Spark core is the core where all the architecture is supported, provides:
- Distributing tasks
- Input/output operations
Using Java, Python, Scala and R programming interfaces focused on RDDs’s abstraction.
It establishes a functional model that allows to perform invoke operations in parallel like map, filter or reduces on a RDD, for it is passed a function to Spark, which plans the execution in parallel on the cluster.
Spark SQL introduces a concept of data abstraction called SchemaRD, which provides support for structured and semi-structured data.
The data can be manipulated using:
- Specific language such as Scala, Java and Python.
- ODBC/JDBC connectors.
Spark streaming is the layer in charge of real-time data analysis.
It does ingest data in mini-batches, this has the advantage that it can also be used for batch analysis, although it has the disadvantage that the latency is somewhat higher than the size of the mini-branch.
There are other streaming engines that process event by event instead of mini lots like Storm and Flink.
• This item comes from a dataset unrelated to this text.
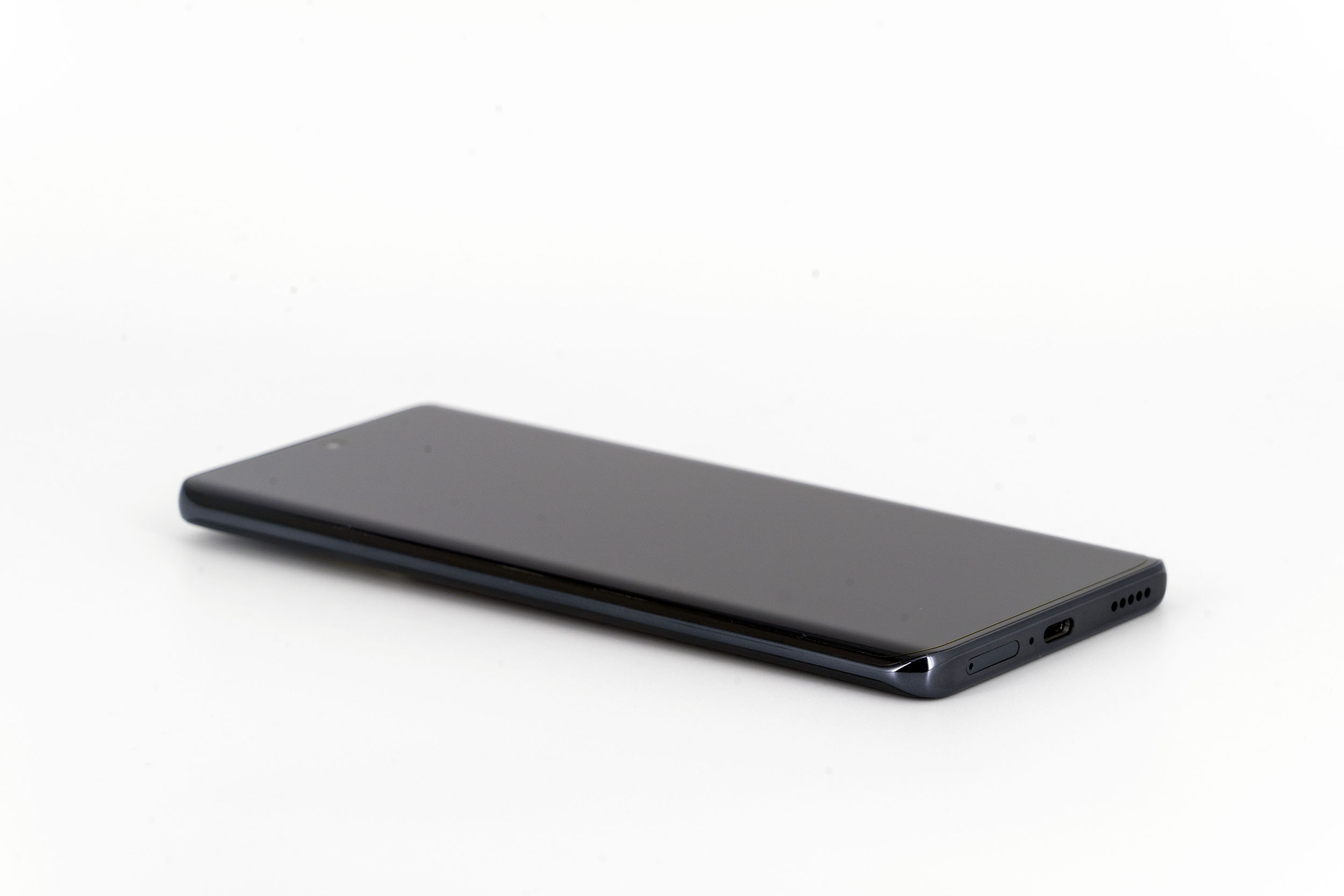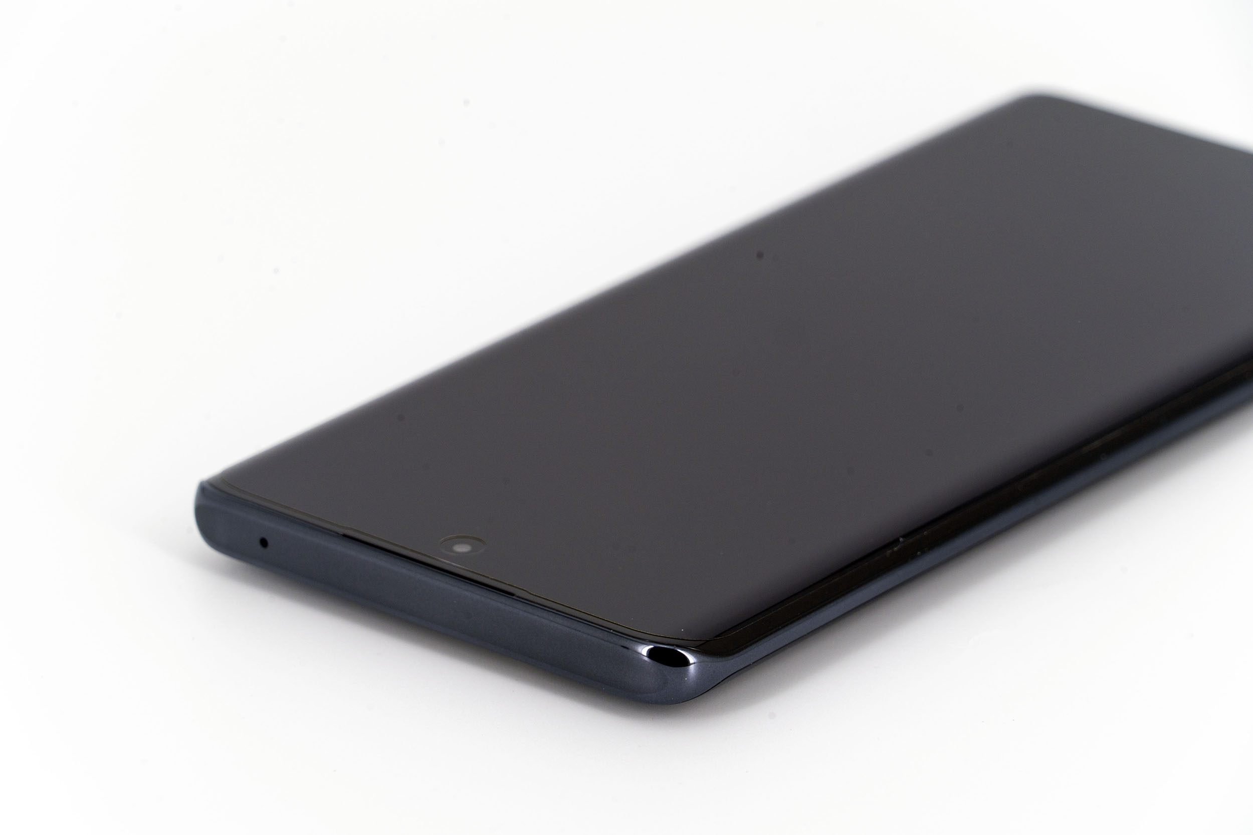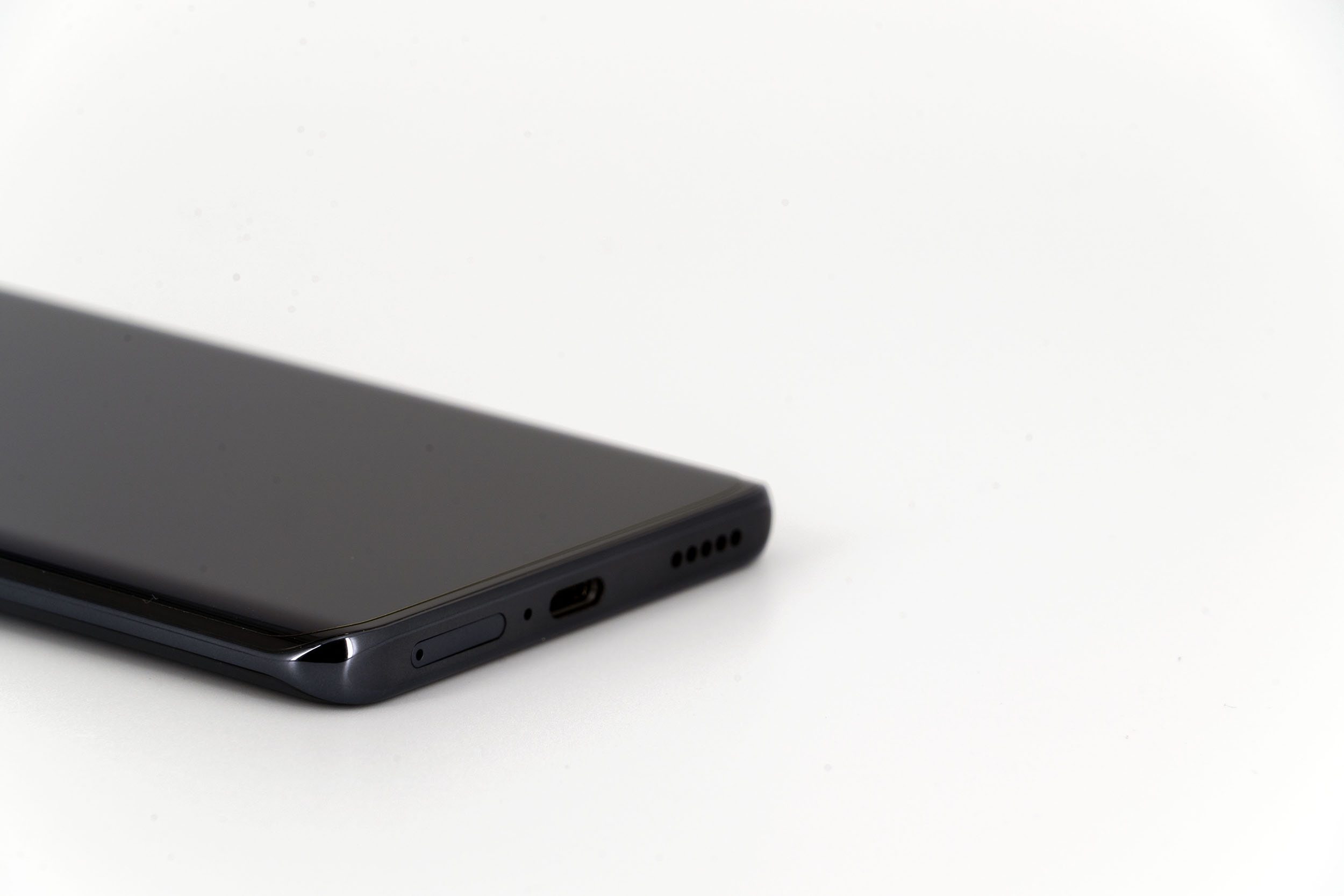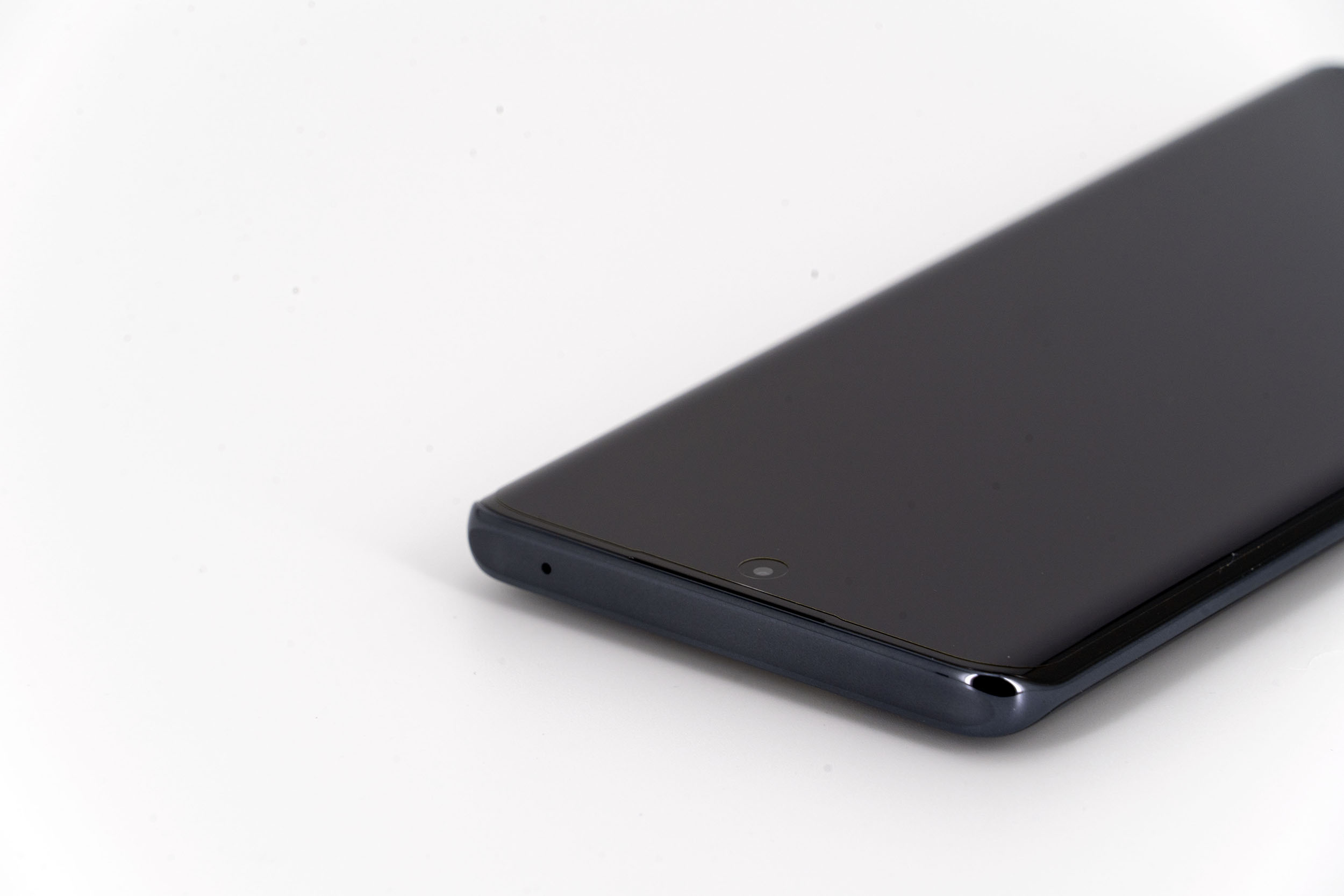La tranche supérieure du téléphone est presque parfaitement lisse, il n'y qu'un petit capteur de son pour interrompre une surface continue. Le contour du téléphone est composé de deux couleurs, un noir lié à la courbure de l'écran et le gris anthracite qui enveloppe le reste du téléphone.

MLLib is the automatic learning layer distributed on the core, which provides the automatic learning famework where you can find multitude of algorithms of classification, regression, cluster analysis, reduction of dimensionality and statistics Descriptive.
By having an architecture in memory, it provides greater speed of operation, one speaks of around 9 times faster than Apache Mahout.
GraphX is the graphical processing layer distributed over the core. Based on immutable RDDs, graphics do not allow updating.